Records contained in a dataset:
==*==

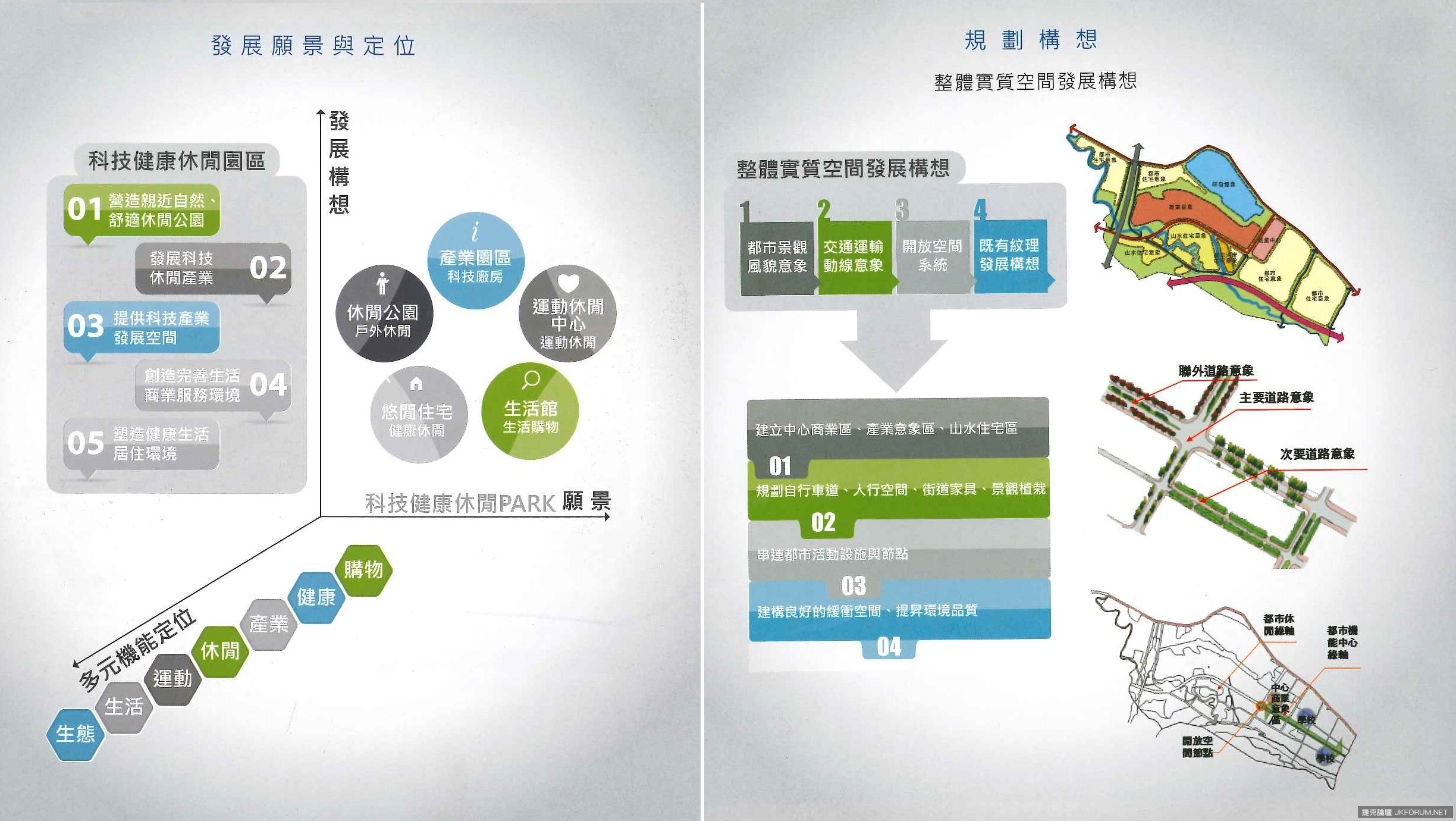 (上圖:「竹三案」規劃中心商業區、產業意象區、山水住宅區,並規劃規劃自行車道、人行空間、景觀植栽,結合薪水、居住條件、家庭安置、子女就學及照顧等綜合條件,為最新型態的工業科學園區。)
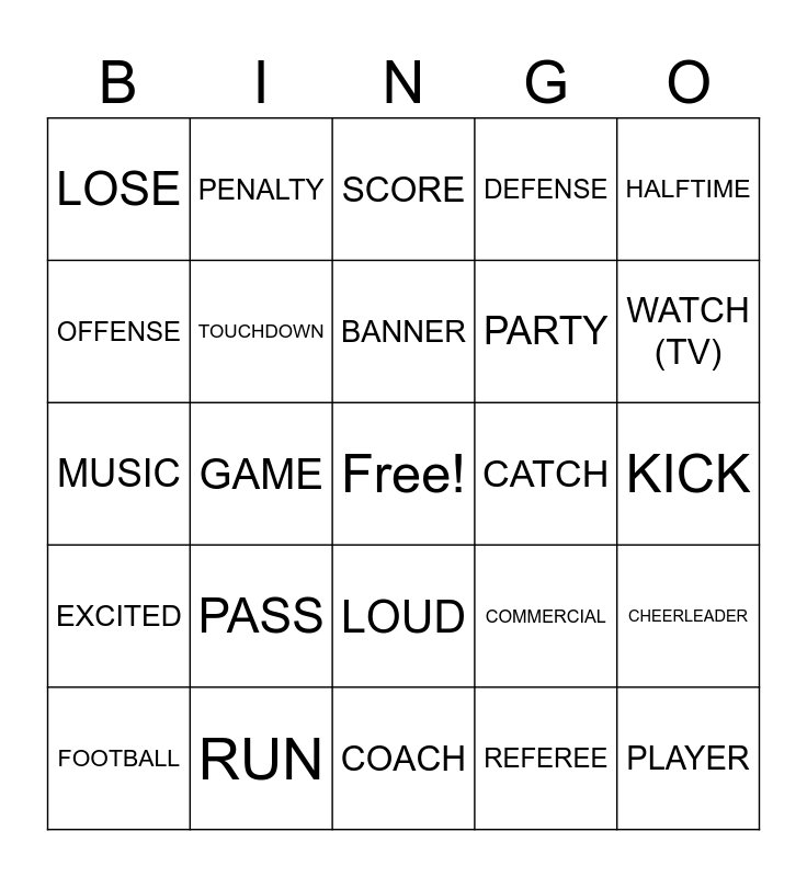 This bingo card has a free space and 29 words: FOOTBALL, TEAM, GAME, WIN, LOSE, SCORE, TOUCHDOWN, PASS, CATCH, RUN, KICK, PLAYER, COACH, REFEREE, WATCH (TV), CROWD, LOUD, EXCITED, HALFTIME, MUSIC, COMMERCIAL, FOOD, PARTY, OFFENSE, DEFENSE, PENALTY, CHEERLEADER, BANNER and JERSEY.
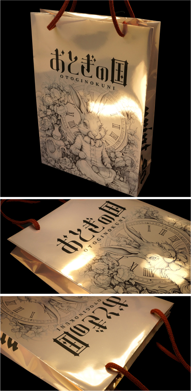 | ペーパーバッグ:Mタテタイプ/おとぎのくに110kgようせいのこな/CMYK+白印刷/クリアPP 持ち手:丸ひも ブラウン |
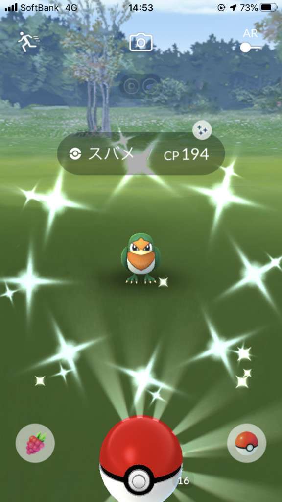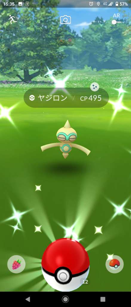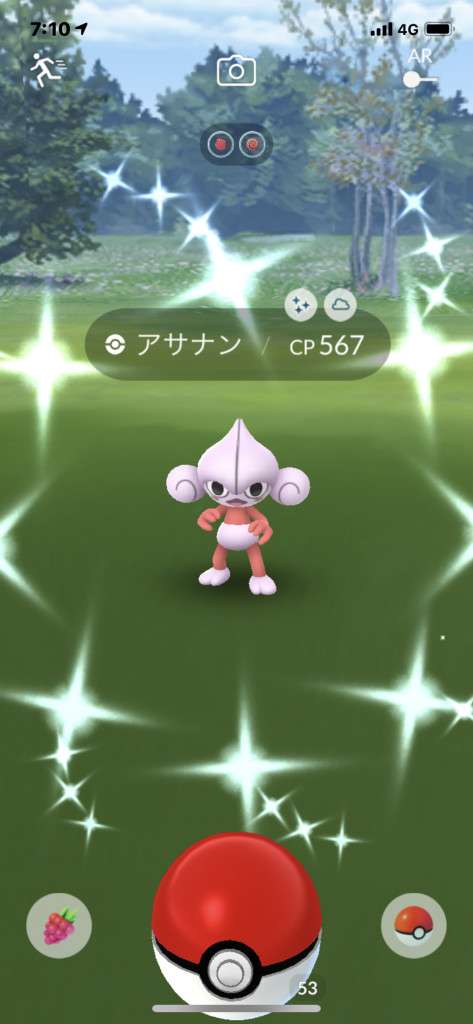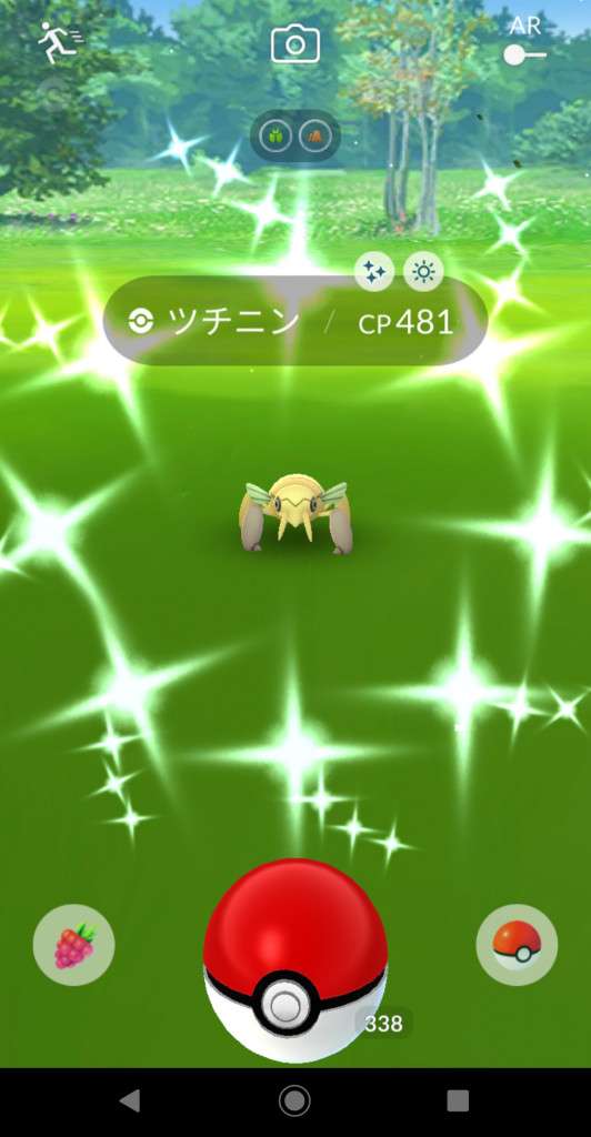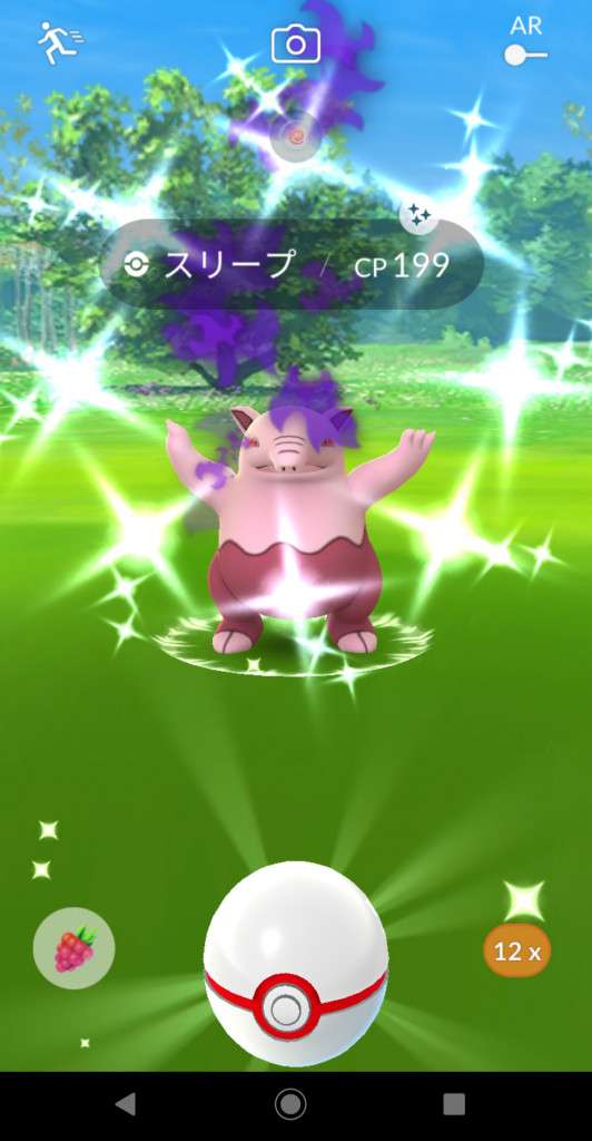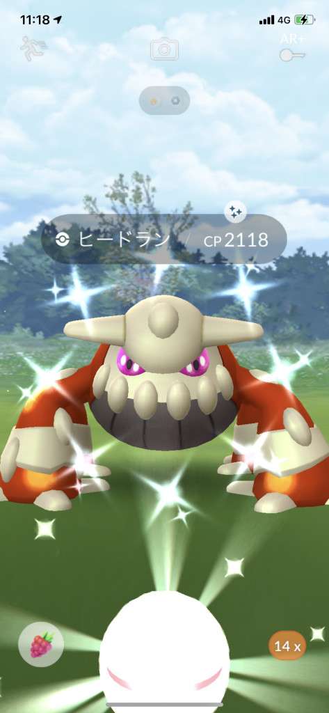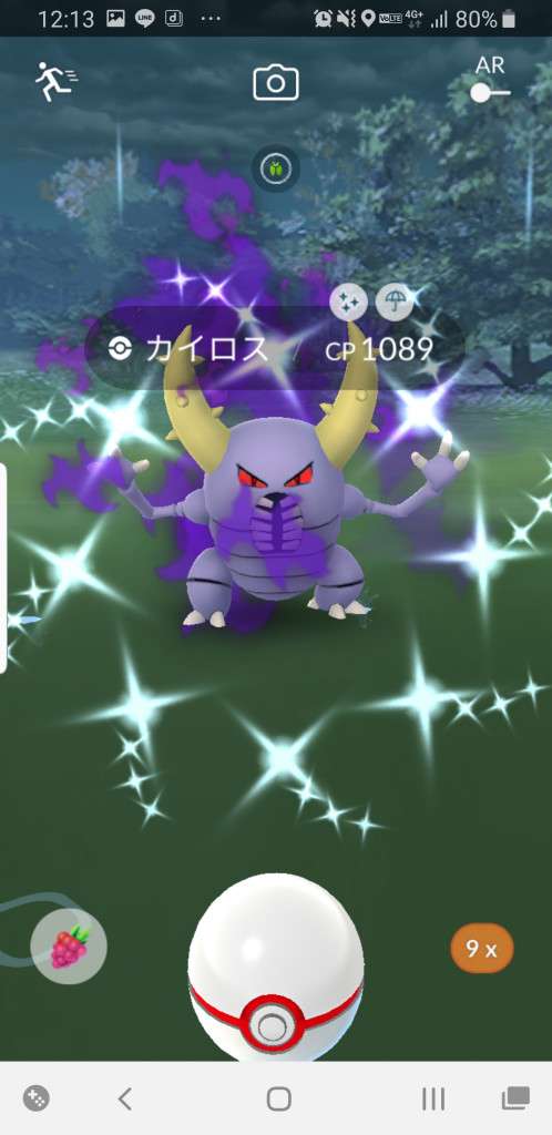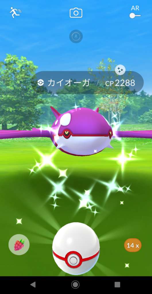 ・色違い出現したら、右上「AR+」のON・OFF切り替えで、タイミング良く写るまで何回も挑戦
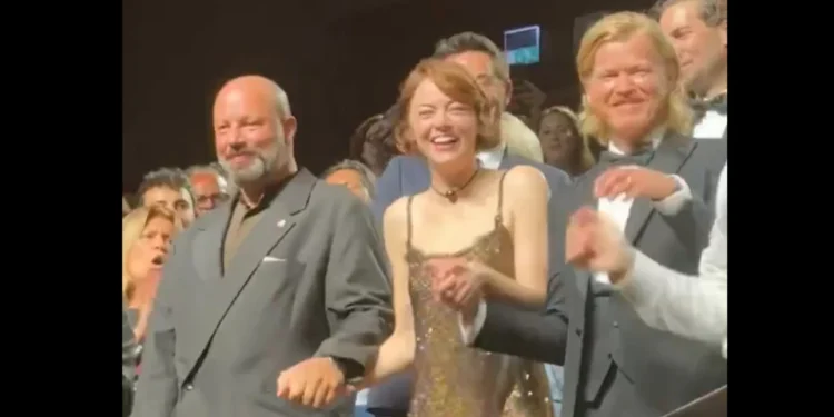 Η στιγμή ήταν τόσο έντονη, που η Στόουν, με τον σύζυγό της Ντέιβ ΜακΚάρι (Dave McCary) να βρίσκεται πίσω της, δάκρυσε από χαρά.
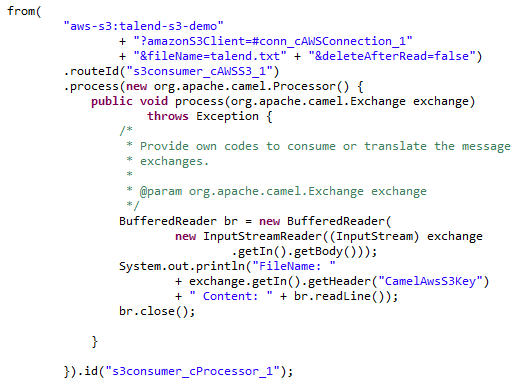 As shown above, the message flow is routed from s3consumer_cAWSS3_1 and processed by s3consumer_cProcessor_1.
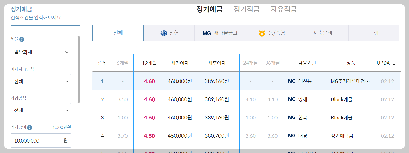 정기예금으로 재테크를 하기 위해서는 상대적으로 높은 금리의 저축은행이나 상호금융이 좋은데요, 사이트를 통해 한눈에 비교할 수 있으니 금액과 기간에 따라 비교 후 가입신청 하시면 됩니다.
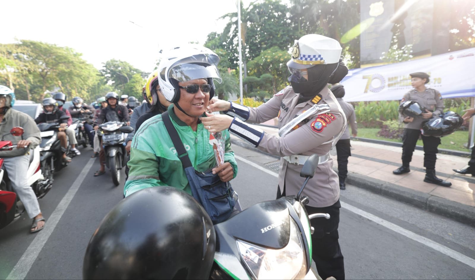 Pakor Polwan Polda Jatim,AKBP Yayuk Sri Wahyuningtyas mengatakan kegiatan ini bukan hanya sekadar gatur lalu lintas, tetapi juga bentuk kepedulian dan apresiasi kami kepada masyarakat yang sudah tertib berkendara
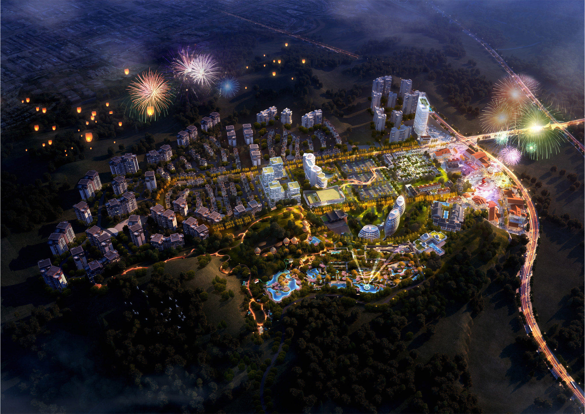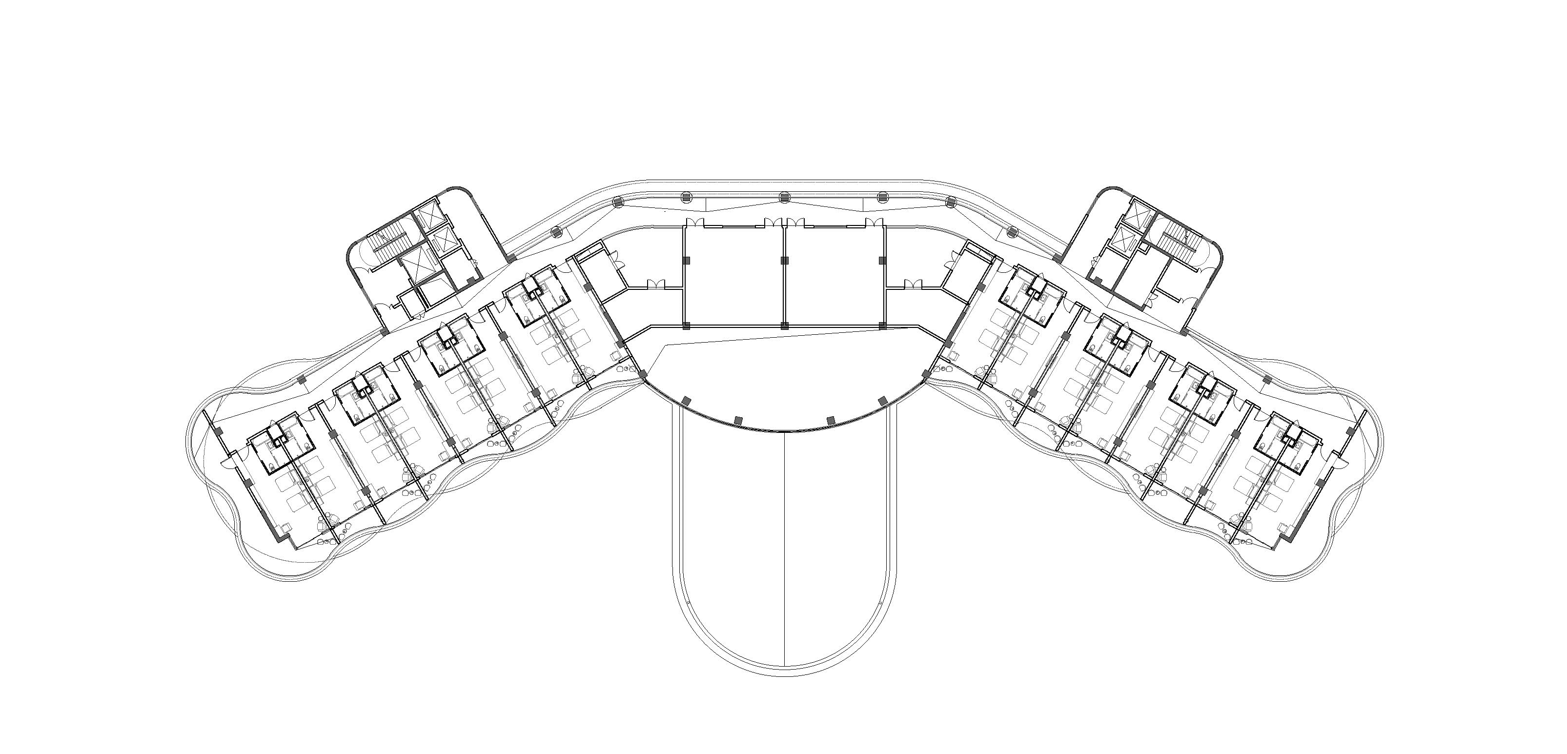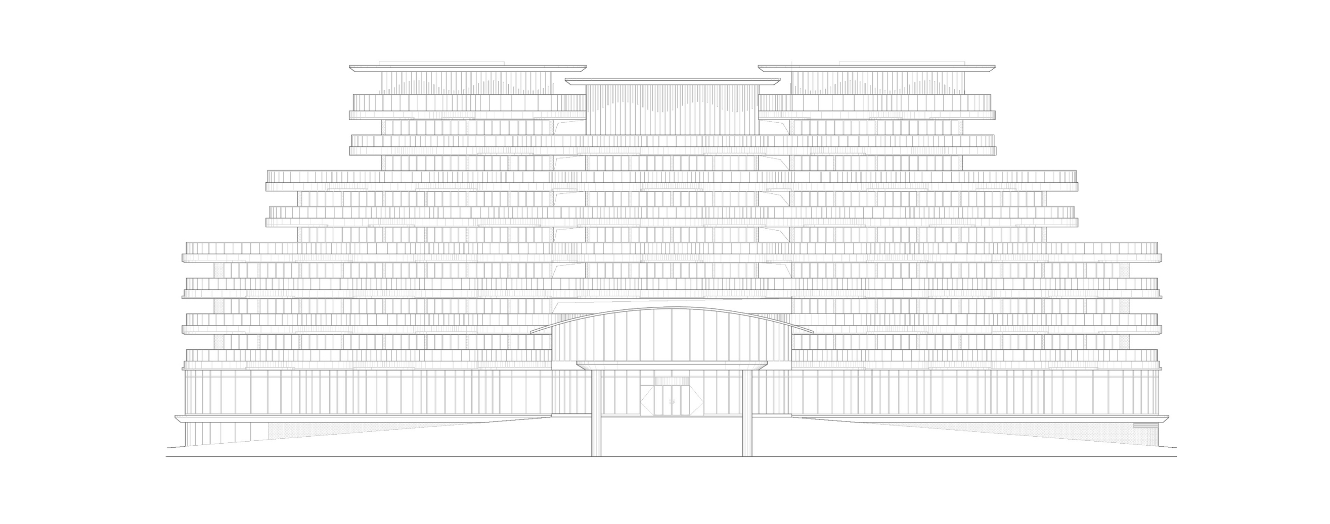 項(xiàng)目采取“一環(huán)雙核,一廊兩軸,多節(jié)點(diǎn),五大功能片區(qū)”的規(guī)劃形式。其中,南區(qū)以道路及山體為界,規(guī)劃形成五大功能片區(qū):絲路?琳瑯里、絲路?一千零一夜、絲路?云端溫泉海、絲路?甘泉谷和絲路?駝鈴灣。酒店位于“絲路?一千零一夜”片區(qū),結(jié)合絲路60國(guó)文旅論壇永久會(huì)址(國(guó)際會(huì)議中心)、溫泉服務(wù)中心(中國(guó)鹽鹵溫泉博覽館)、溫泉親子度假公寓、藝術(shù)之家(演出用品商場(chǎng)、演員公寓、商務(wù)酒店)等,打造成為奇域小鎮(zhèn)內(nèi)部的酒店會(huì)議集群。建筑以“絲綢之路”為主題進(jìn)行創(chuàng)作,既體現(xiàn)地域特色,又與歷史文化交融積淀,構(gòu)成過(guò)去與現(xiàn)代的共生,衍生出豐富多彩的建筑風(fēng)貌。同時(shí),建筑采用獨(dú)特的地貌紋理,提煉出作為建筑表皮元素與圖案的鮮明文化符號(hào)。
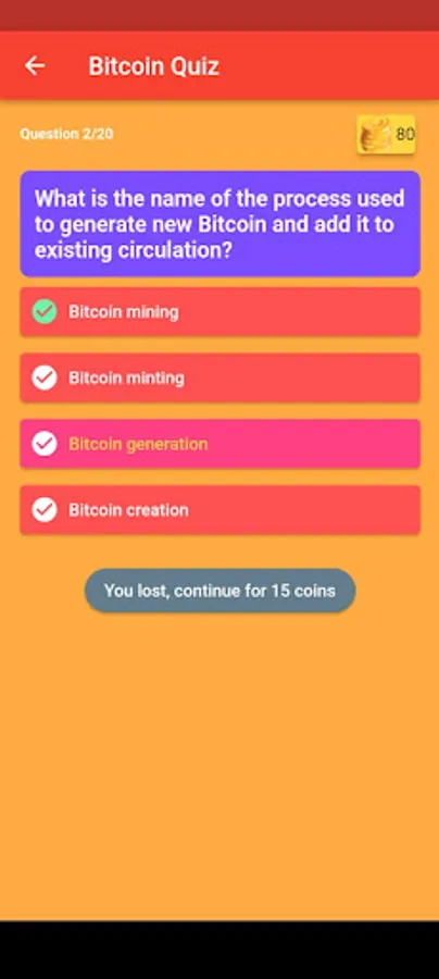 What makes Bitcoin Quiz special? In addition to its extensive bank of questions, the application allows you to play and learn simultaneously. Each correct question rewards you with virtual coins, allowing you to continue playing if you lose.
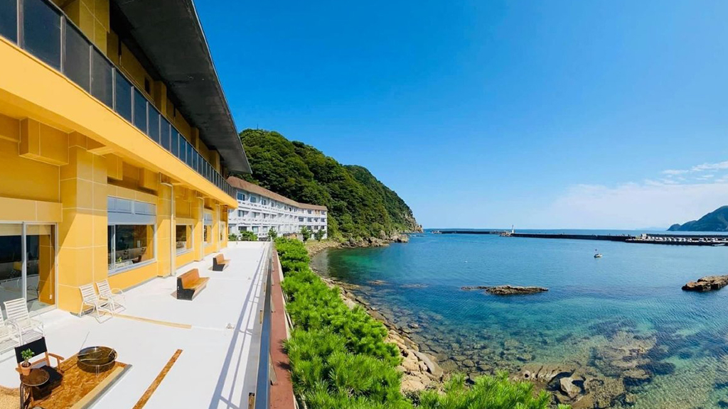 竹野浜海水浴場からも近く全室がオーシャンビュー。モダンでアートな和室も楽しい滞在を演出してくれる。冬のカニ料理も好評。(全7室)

==*==

Problem to work on: Give every record back exactly as it reads, with no images.

Your solution:
 (上圖:「竹三案」規劃中心商業區、產業意象區、山水住宅區,並規劃規劃自行車道、人行空間、景觀植栽,結合薪水、居住條件、家庭安置、子女就學及照顧等綜合條件,為最新型態的工業科學園區。)
 This bingo card has a free space and 29 words: FOOTBALL, TEAM, GAME, WIN, LOSE, SCORE, TOUCHDOWN, PASS, CATCH, RUN, KICK, PLAYER, COACH, REFEREE, WATCH (TV), CROWD, LOUD, EXCITED, HALFTIME, MUSIC, COMMERCIAL, FOOD, PARTY, OFFENSE, DEFENSE, PENALTY, CHEERLEADER, BANNER and JERSEY.
 | ペーパーバッグ:Mタテタイプ/おとぎのくに110kgようせいのこな/CMYK+白印刷/クリアPP 持ち手:丸ひも ブラウン |
 ・色違い出現したら、右上「AR+」のON・OFF切り替えで、タイミング良く写るまで何回も挑戦
 Η στιγμή ήταν τόσο έντονη, που η Στόουν, με τον σύζυγό της Ντέιβ ΜακΚάρι (Dave McCary) να βρίσκεται πίσω της, δάκρυσε από χαρά.
 As shown above, the message flow is routed from s3consumer_cAWSS3_1 and processed by s3consumer_cProcessor_1.
 정기예금으로 재테크를 하기 위해서는 상대적으로 높은 금리의 저축은행이나 상호금융이 좋은데요, 사이트를 통해 한눈에 비교할 수 있으니 금액과 기간에 따라 비교 후 가입신청 하시면 됩니다.
 Pakor Polwan Polda Jatim,AKBP Yayuk Sri Wahyuningtyas mengatakan kegiatan ini bukan hanya sekadar gatur lalu lintas, tetapi juga bentuk kepedulian dan apresiasi kami kepada masyarakat yang sudah tertib berkendara
 項(xiàng)目采取“一環(huán)雙核,一廊兩軸,多節(jié)點(diǎn),五大功能片區(qū)”的規(guī)劃形式。其中,南區(qū)以道路及山體為界,規(guī)劃形成五大功能片區(qū):絲路?琳瑯里、絲路?一千零一夜、絲路?云端溫泉海、絲路?甘泉谷和絲路?駝鈴灣。酒店位于“絲路?一千零一夜”片區(qū),結(jié)合絲路60國(guó)文旅論壇永久會(huì)址(國(guó)際會(huì)議中心)、溫泉服務(wù)中心(中國(guó)鹽鹵溫泉博覽館)、溫泉親子度假公寓、藝術(shù)之家(演出用品商場(chǎng)、演員公寓、商務(wù)酒店)等,打造成為奇域小鎮(zhèn)內(nèi)部的酒店會(huì)議集群。建筑以“絲綢之路”為主題進(jìn)行創(chuàng)作,既體現(xiàn)地域特色,又與歷史文化交融積淀,構(gòu)成過(guò)去與現(xiàn)代的共生,衍生出豐富多彩的建筑風(fēng)貌。同時(shí),建筑采用獨(dú)特的地貌紋理,提煉出作為建筑表皮元素與圖案的鮮明文化符號(hào)。
 What makes Bitcoin Quiz special? In addition to its extensive bank of questions, the application allows you to play and learn simultaneously. Each correct question rewards you with virtual coins, allowing you to continue playing if you lose.
 竹野浜海水浴場からも近く全室がオーシャンビュー。モダンでアートな和室も楽しい滞在を演出してくれる。冬のカニ料理も好評。(全7室)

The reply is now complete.